§ INFORMATION PROVIDED:
== Segment start ==
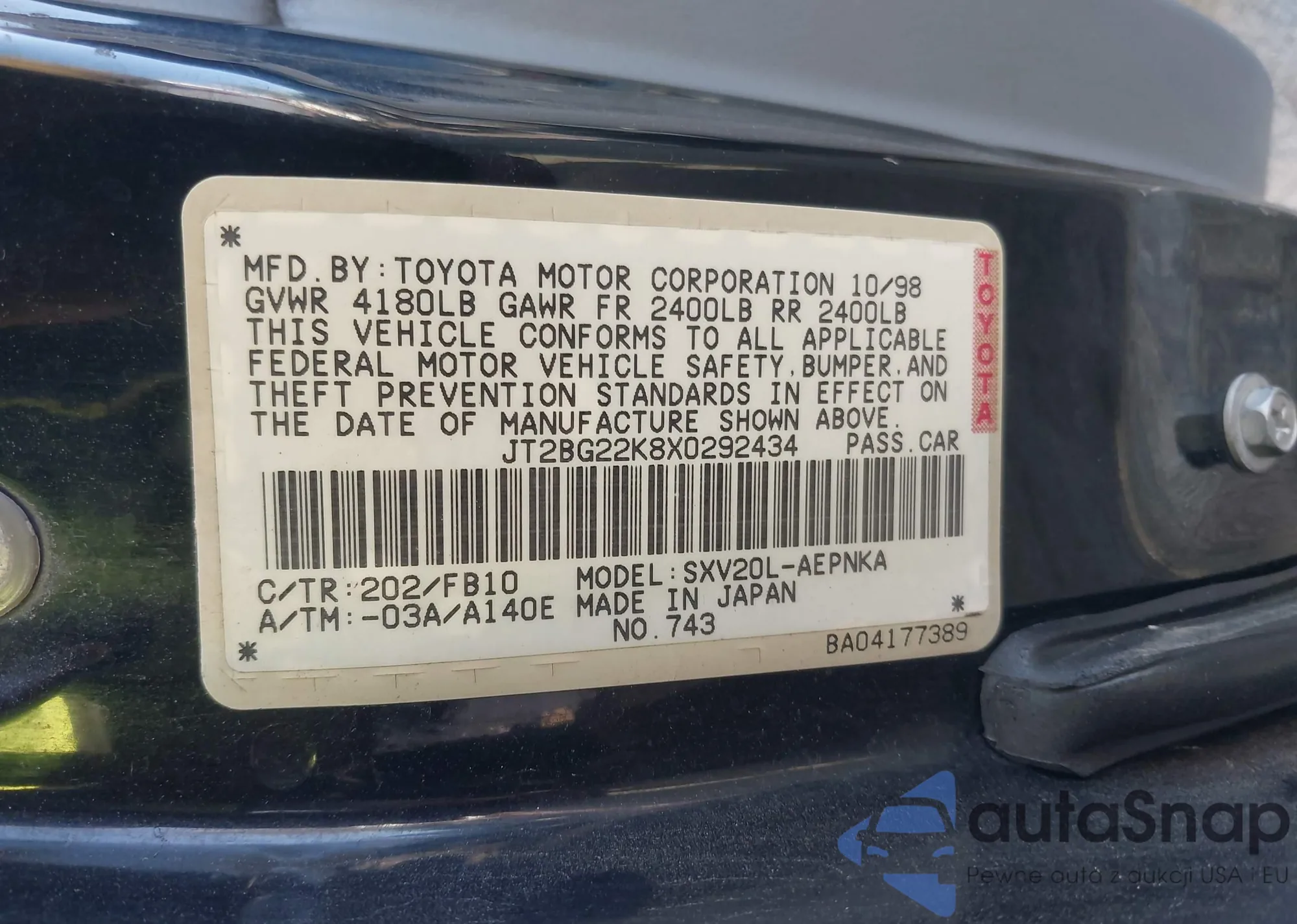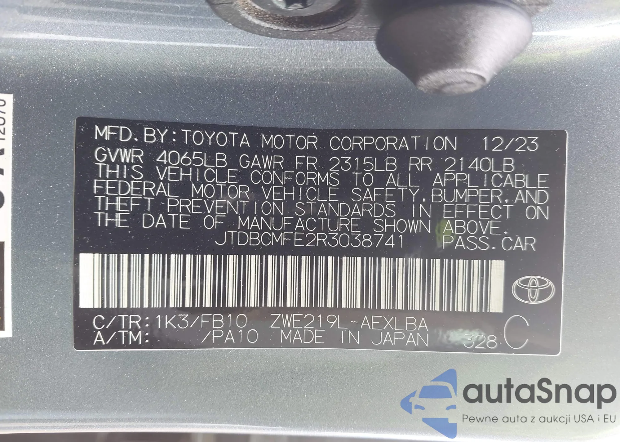 • VIN JTDBCMFE2R3038741
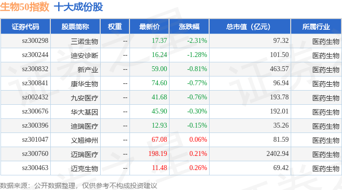 近10日内生物50(399280)指数成份股做了调整,新纳入了2只股票,剔除了2只股票。
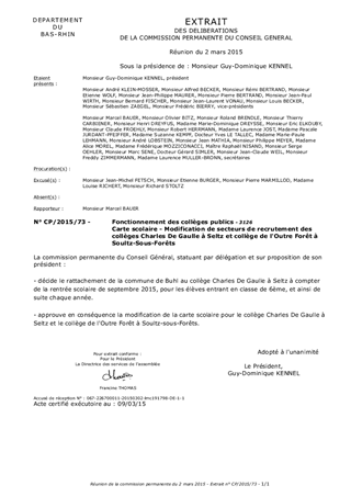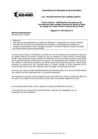 Aux termes des dispositions du code de l’éducation, il appartient au Conseil Général d’arrêter les secteurs de recrutement des collèges. Il est proposé de modifier le secteur de recrutement des 2 collèges suivants : Charles De Gaulle à Seltz et collège de l'Outre Forêt à Soultz-sous-Forêts.
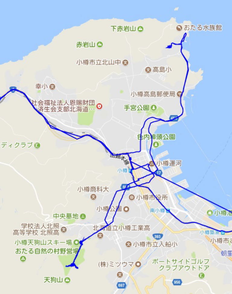 (小樽市内の散策。 GPSロガーのログデータで実際に移動した場所の軌跡を表示)
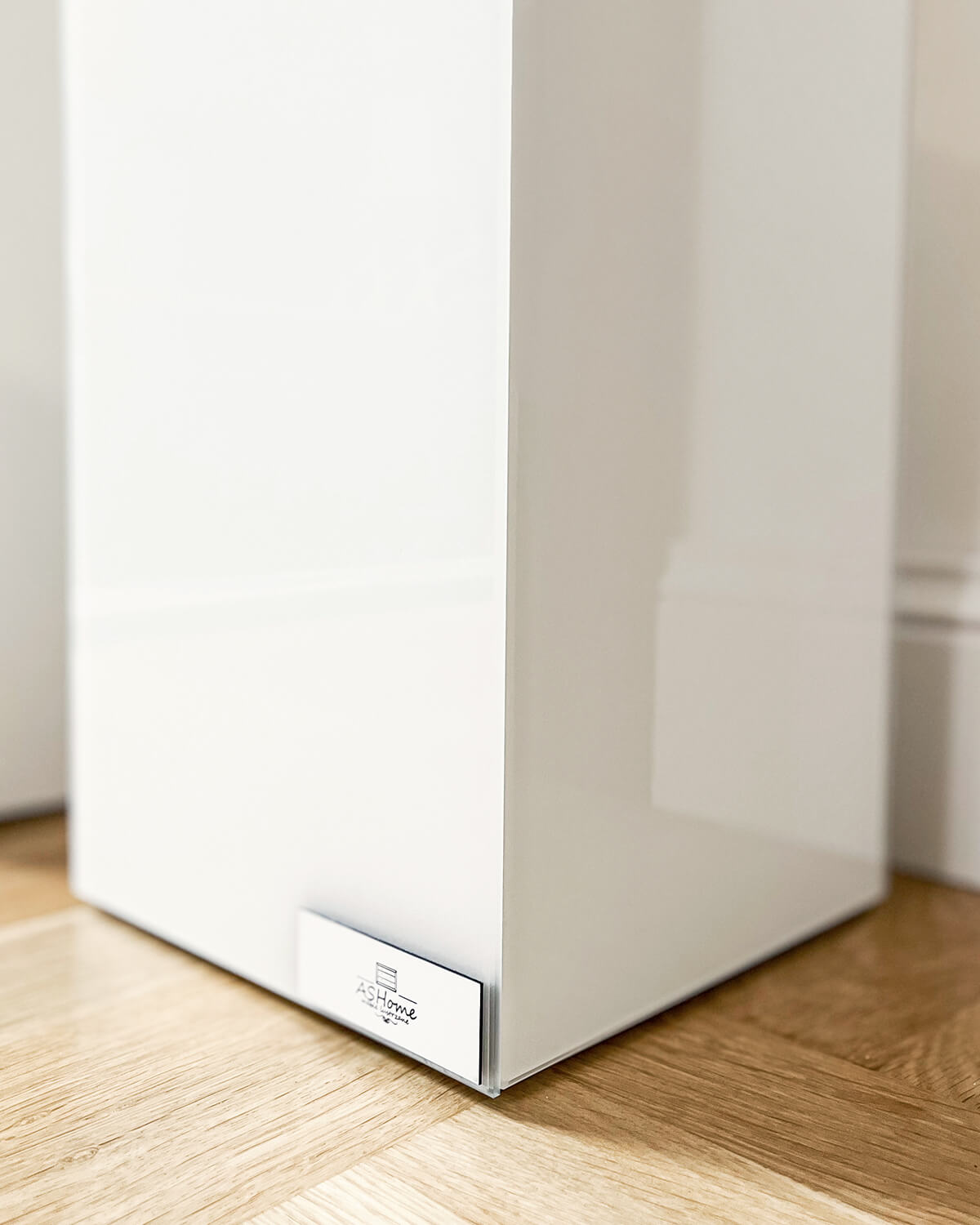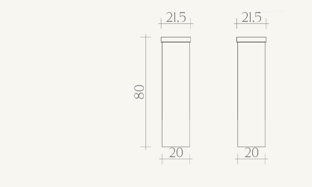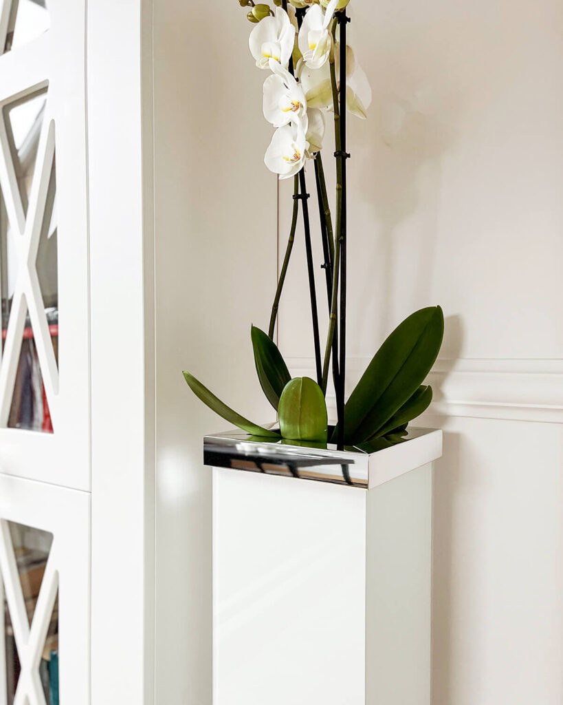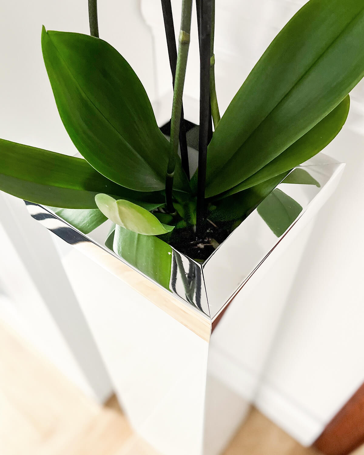 Cała konstrukcja donicy wykończona została białym lacobelem, a jej wymiary zewnętrzne u podstawy to 20 cm szerokości, 20 cm głębokości i 80 cm wysokości. Profil stelażu pokrytego chromem jest widocznym zakończeniem donicy i pozostanie w standardowych wymiarach 3,5 cm x 3,5 cm, łączony na krawędziach pod kątem 45˚.
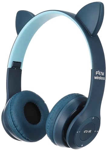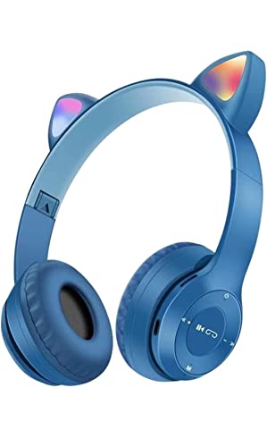 Generic - سماعة رأس لاسلكية للالعاب P47 M CAT على شكل اذن قطة باضاءة ليد بلوتوث ستيريو مضيئة للاطفال والبالغين ازرق فوق الاذن
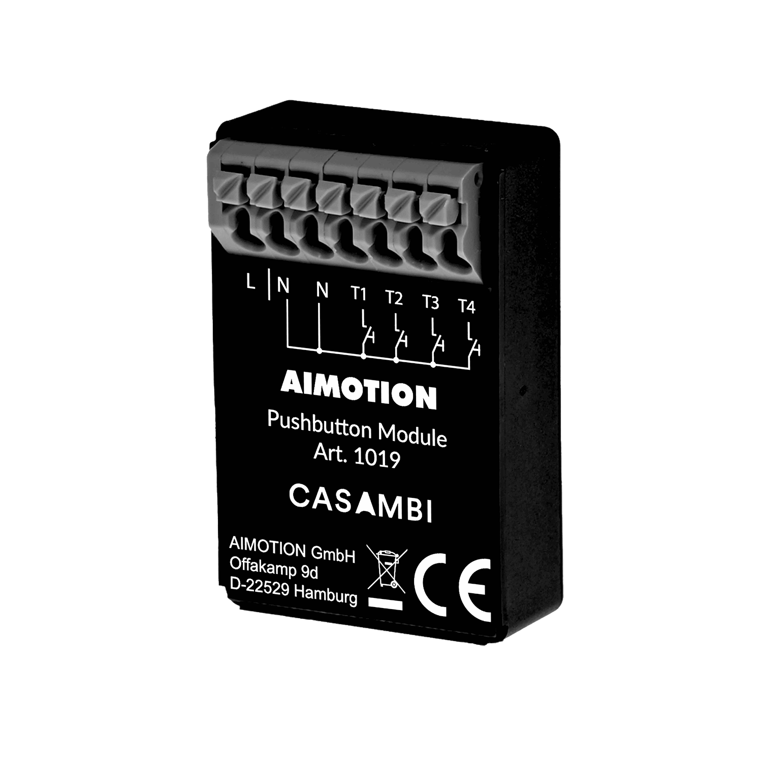 AIMOTION Pushbutton Module 4 CH kommuniserer trådløst i Bluetooth Low Energy Mesh nettverket uten bruk av porter, rutere eller ekstra kabling. Trykknappmodulen er utformet slik at opptil fire standardinnstillinger på trykknappene med nettspenning kan legges til et Casambi-nettverk. Alternativt bevegelsesdetektorer/sensorer eller andre brytere kan kobles til via nettspenning. Forbindelsene styrer f.eks. en armatur, enhet, gruppe, scene/animasjon, alle armaturer el bevegelse/automatisering. Konfigurasjon gjøres trådløst via Casambi-appen. Trykknappmodulen har et kompakt format, egnet
== Segment end ==
§ WHAT YOU NEED TO DO:
Only the lines from the one with "近10日内生物50(3992" through the final line of the data should be written out, exactly and including both ends. Skip the pictures.

§ SOLUTION:
 近10日内生物50(399280)指数成份股做了调整,新纳入了2只股票,剔除了2只股票。
 Aux termes des dispositions du code de l’éducation, il appartient au Conseil Général d’arrêter les secteurs de recrutement des collèges. Il est proposé de modifier le secteur de recrutement des 2 collèges suivants : Charles De Gaulle à Seltz et collège de l'Outre Forêt à Soultz-sous-Forêts.
 (小樽市内の散策。 GPSロガーのログデータで実際に移動した場所の軌跡を表示)
 Cała konstrukcja donicy wykończona została białym lacobelem, a jej wymiary zewnętrzne u podstawy to 20 cm szerokości, 20 cm głębokości i 80 cm wysokości. Profil stelażu pokrytego chromem jest widocznym zakończeniem donicy i pozostanie w standardowych wymiarach 3,5 cm x 3,5 cm, łączony na krawędziach pod kątem 45˚.
 Generic - سماعة رأس لاسلكية للالعاب P47 M CAT على شكل اذن قطة باضاءة ليد بلوتوث ستيريو مضيئة للاطفال والبالغين ازرق فوق الاذن
 AIMOTION Pushbutton Module 4 CH kommuniserer trådløst i Bluetooth Low Energy Mesh nettverket uten bruk av porter, rutere eller ekstra kabling. Trykknappmodulen er utformet slik at opptil fire standardinnstillinger på trykknappene med nettspenning kan legges til et Casambi-nettverk. Alternativt bevegelsesdetektorer/sensorer eller andre brytere kan kobles til via nettspenning. Forbindelsene styrer f.eks. en armatur, enhet, gruppe, scene/animasjon, alle armaturer el bevegelse/automatisering. Konfigurasjon gjøres trådløst via Casambi-appen. Trykknappmodulen har et kompakt format, egnet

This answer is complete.